Higher interest rates aren’t deterring property buyers, but a lower borrowing cap could
Higher interest rates aren’t deterring property buyers, but a lower borrowing cap could. In his National Day message, Prime Minister Lee Hsien Loong stated that the globe is “unlikely to return anytime soon to the low inflation levels and interest rates that we have enjoyed in recent decades.”
Such prospects should give multi-property owners a lot to think about – and be concerned about. Prof Sing believes that even a 1% increase in interest rates might have a “substantial impact” on monthly payments for homeowners, depending on the amount borrowed from banks. A 30-year S$500,000 loan at 1% annual interest would result in a monthly repayment of S$1,608, according to MoneySense’s mortgage calculator.
When loan rates reach 3%, monthly repayments climb by 31% to S$2,108, which is much more than most people can expect in yearly wage growth. If interest rates rose to 5%, the borrower’s monthly installments would rise by S$2,684 – a 66.9% increase. While this could be incredibly pricey, it is also important to examine the impact on the loan’s amortisation schedule, in addition to the immediate impact on one’s monthly cashflow.
Borrowers will be influenced by the weightage of principal reduction and interest components in monthly repayments, according to Darren Goh, general director of MortgageWise.sg. “When the interest rate is 1.5 percent, as many of us are used to,” he added, “you see your loan drop down very quickly, since… roughly 70% of what you pay every month reduces your loan and only 30% is interest.” “If it’s 3.5%, the pendulum swings back.” Despite the likelihood of an increasing debt burden, many market observers appear unconcerned for the time being. According to MortgageWise data, bank floating rates varied from 1.9 percent to 2.1 percent in early August.

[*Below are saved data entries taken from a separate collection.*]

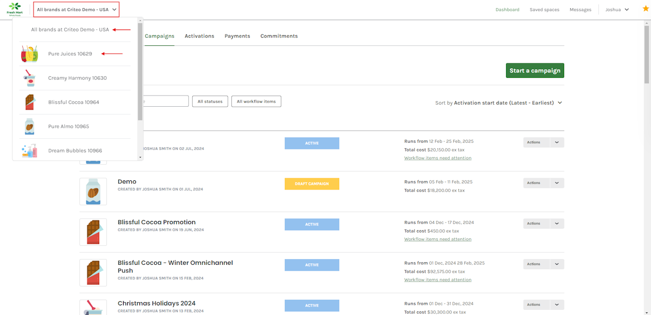 - Alternatively, view your Campaigns and Workflow items across all Brand profiles.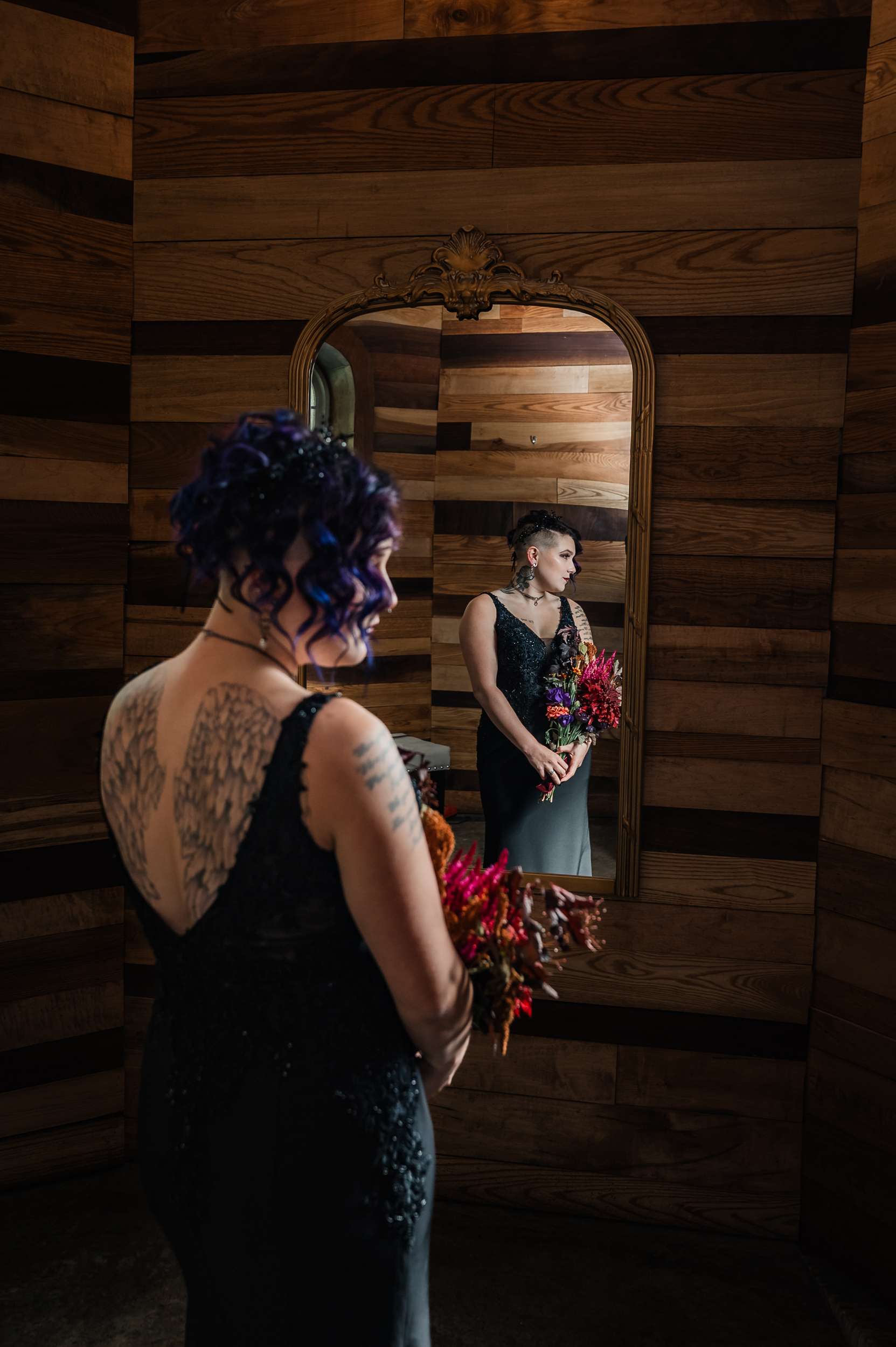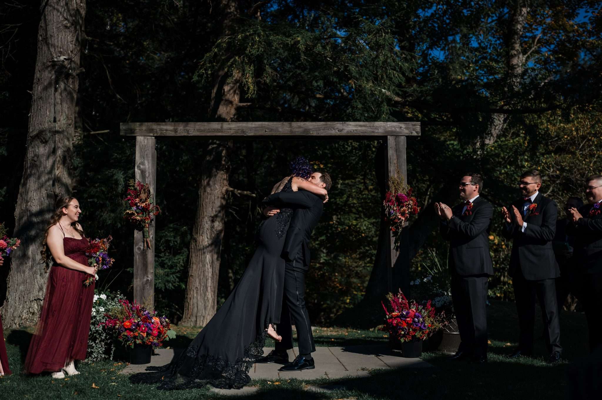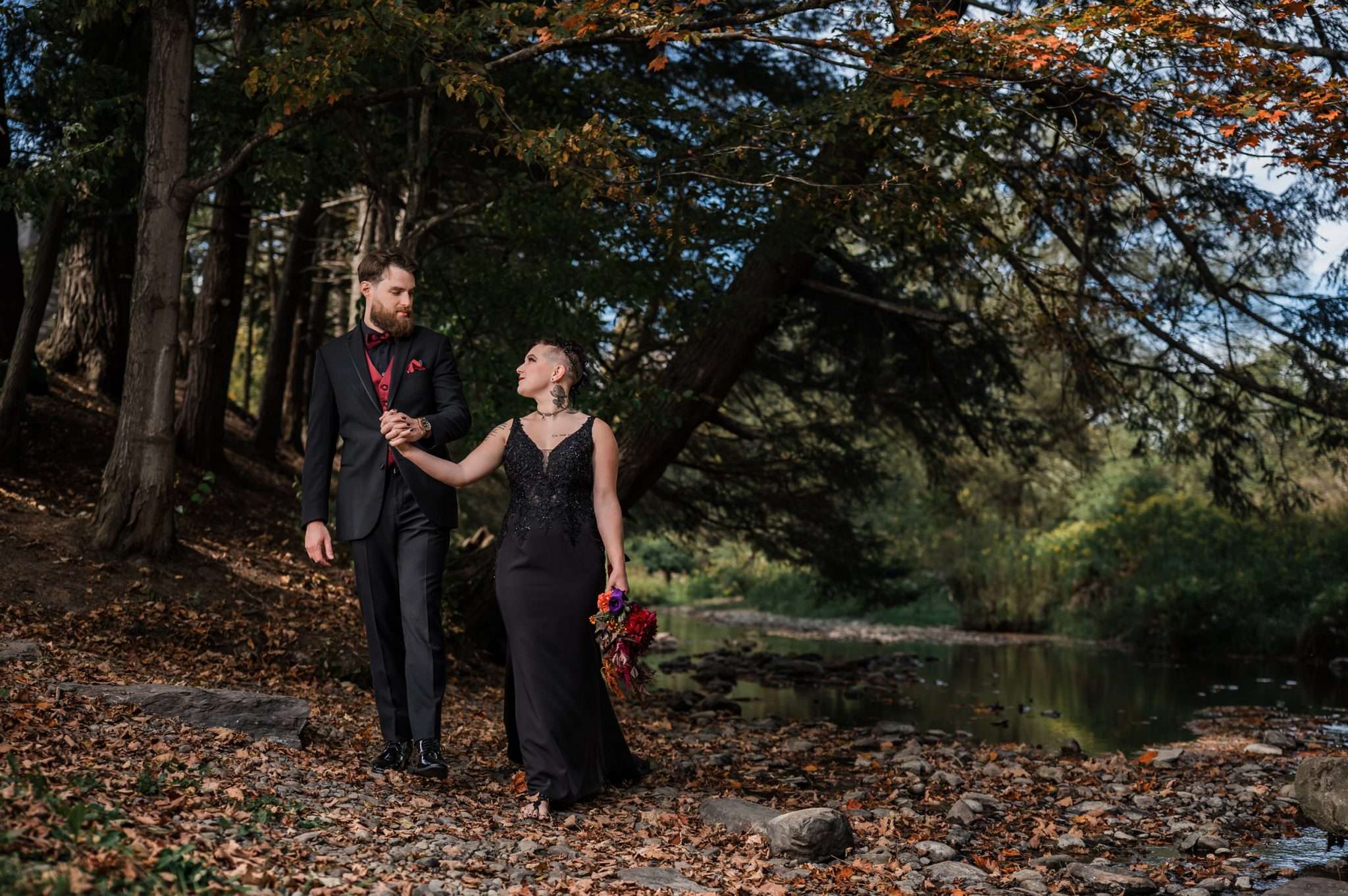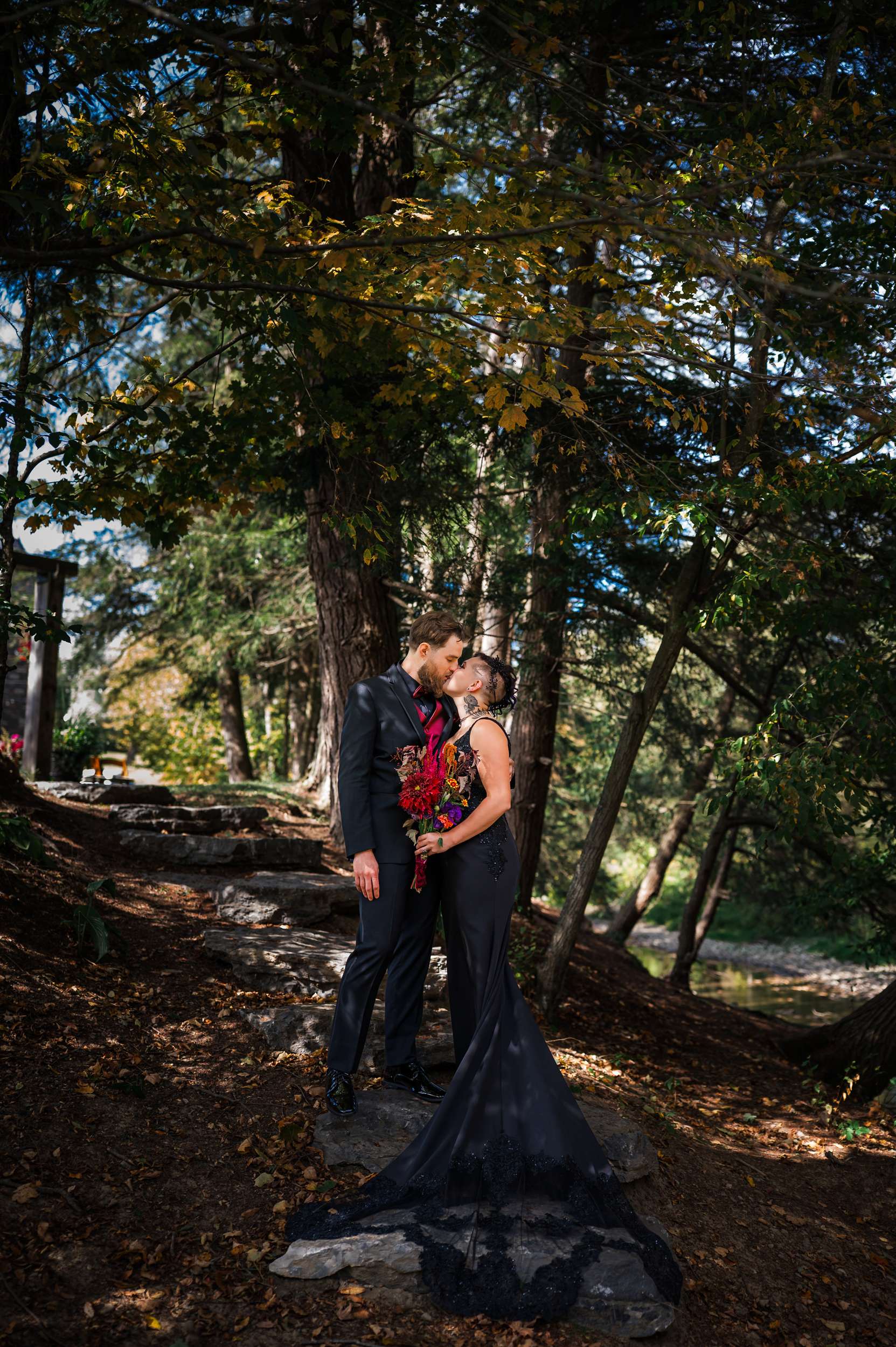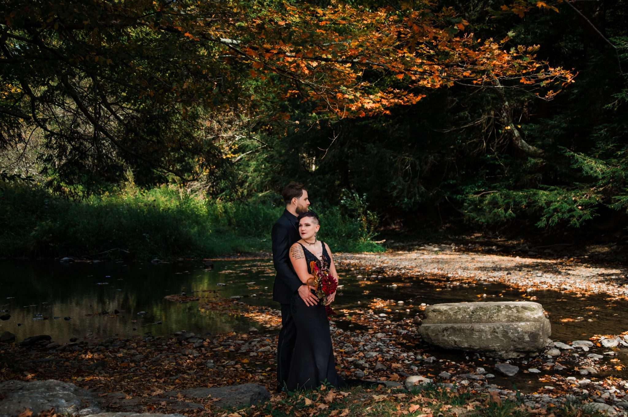 Sarah and Chris built their wedding around the premise of ’til death do us part. They fully went for it with the gothic symbolism, inspired The Addams Family and their own relationship. Stoney Creek Castle in Earlville NY provided the setting with it’s stone walls and heavy doors perfectly matching the tone they wanted for the day.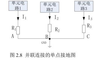 图 2.7 所示为串联单点接地(又称公共接地)示意图。图中所有单元电路的地串联连接在一起。R1、R2、R3 表示线路的阻抗,I1、I2和I3分别是单元电路1、2、3的相应电流。

Singapore home loans’ stringent borrowing restrictions will also keep this in control. Homebuyers in Singapore are subject to a total debt servicing ratio (TDSR), which restricts total debt payments to 55% of income. To compute this ratio, multiply mortgage liabilities by 3.5 percent or the current market rate, whichever is greater. “The TDSR acts as a cushion or buffer against overextending leverage,” explains Leonard Tay, head of research at Knight Frank Singapore. “They have the buffer for interest rates to rise without crippling their financial status.”